# Understanding Logistic Regression Tables

Using the same code as in the previous exercise, try to interpret the summary table.

### More information about the dataset: 
Note that <i> interest rate</i> indicates the 3-month interest rate between banks and <i> duration </i> indicates the time since the last contact was made with a given consumer. The <i> previous </i> variable shows whether the last marketing campaign was successful with this customer.

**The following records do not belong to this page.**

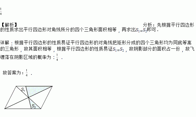 小明把如图的平行四边形纸板挂在墙上,玩飞镖游戏(每次飞镖均落在纸板上),则飞镖落在阴影区域的概率是_____.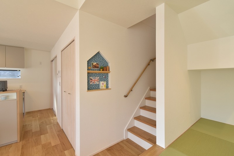 リビングの隣で小上がりになっているので腰を掛けるスペースとしても◎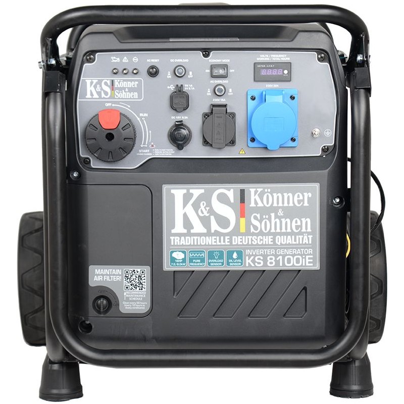 Der zuverlässige Motor von Könner & Söhnen erfüllt alle europäischen Qualitätsstandards, einschließlich der modernen Umweltnorm EURO V. Der zuverlässige Motor der Marke K&S verfügt über eine individuelle Seriennummer, die es uns ermöglicht, die Qualität der Produktion und des Betriebs zu kontrollieren. Ein hochwertiger Generator mit Kupferspule und ein leistungsstarker Antriebsmotor garantieren einen störungsfreien und langlebigen Betrieb. Der Einsatz von energieempfindlichen Geräten (Heizkessel, medizinische Geräte, Audiogeräte usw.) wird empfohlen.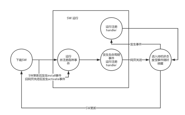 更新 SW 的机制可以在MDN上的 #更新你的Service Worker 这章看到,但这仅仅几行文字,而且比较绕口,我认为这其实是SW自身的工作周期,或者说是运行机制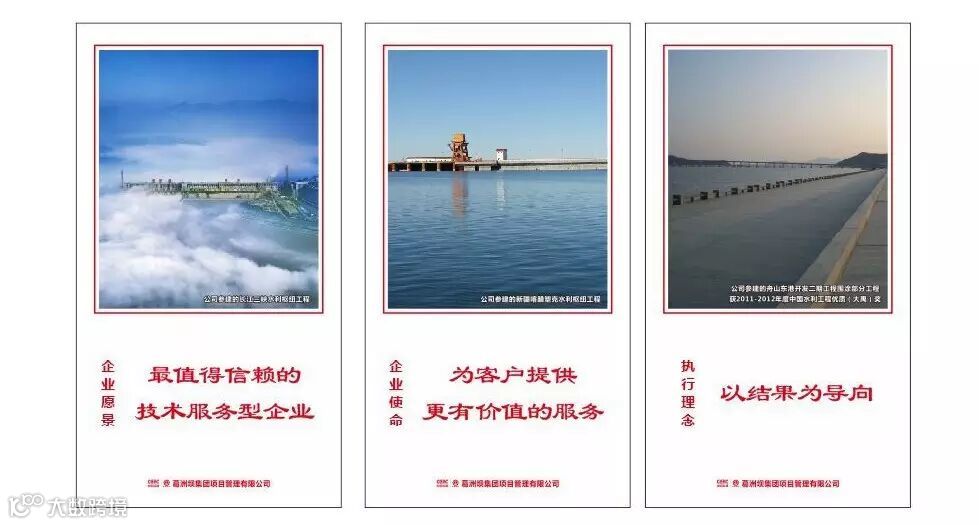 近日,经过精心设计制作,六块精美的企业文化理念展示牌出现在项目管理公司会议室墙壁上,这些以项目管理公司近年来参建项目的图片和勘测设计公司六条文化理念相结合的宣传展示牌,与项目管理公司会议室相对古朴的装饰相呼应,形成一道亮丽的“新风景”。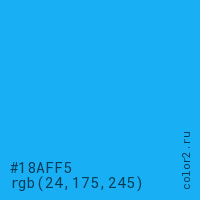 Цвет #18AFF5 в цветовой модели RGB обозначается тремя октетами (24, 175, 245) в десятичном формате и #18AFF5 в шестнадцатиричном (hex) формате, которые являются интенсивностью красного 24 (hex 18), интенсивность зелёного 175 (hex AF) и интенсивность синего 245 (hex F5).

The <i>March</i> and <i> May </i> are Boolean variables that account for when the call was made to the specific customer and <i> credit </i> shows if the customer has enough credit to avoid defaulting.

<i> Notes: 
    <li> the first column of the dataset is an index one; </li>
    <li> you don't need the graph for this exercise; </li>
    <li> the dataset used is much bigger </li>
</i>

## Import the relevant libraries

In [1]:
import numpy as np
import pandas as pd
import matplotlib.pyplot as plt
import seaborn as sns
import statsmodels.api as sm
sns.set()

from scipy import stats
stats.chisqprob = lambda chisqp, df: stats.chi2.sf(chisq, df)

## Load the data

Load the ‘Bank_data.csv’ dataset.

In [2]:
data = pd.read_csv('Bank-data.csv')

In [3]:
data.head()

Unnamed: 0.1,Unnamed: 0,interest_rate,credit,march,may,previous,duration,y
0,0,1.334,0.0,1.0,0.0,0.0,117.0,no
1,1,0.767,0.0,0.0,2.0,1.0,274.0,yes
2,2,4.858,0.0,1.0,0.0,0.0,167.0,no
3,3,4.12,0.0,0.0,0.0,0.0,686.0,yes
4,4,4.856,0.0,1.0,0.0,0.0,157.0,no


In [5]:
new_data = data[['interest_rate','credit','previous','duration','y']]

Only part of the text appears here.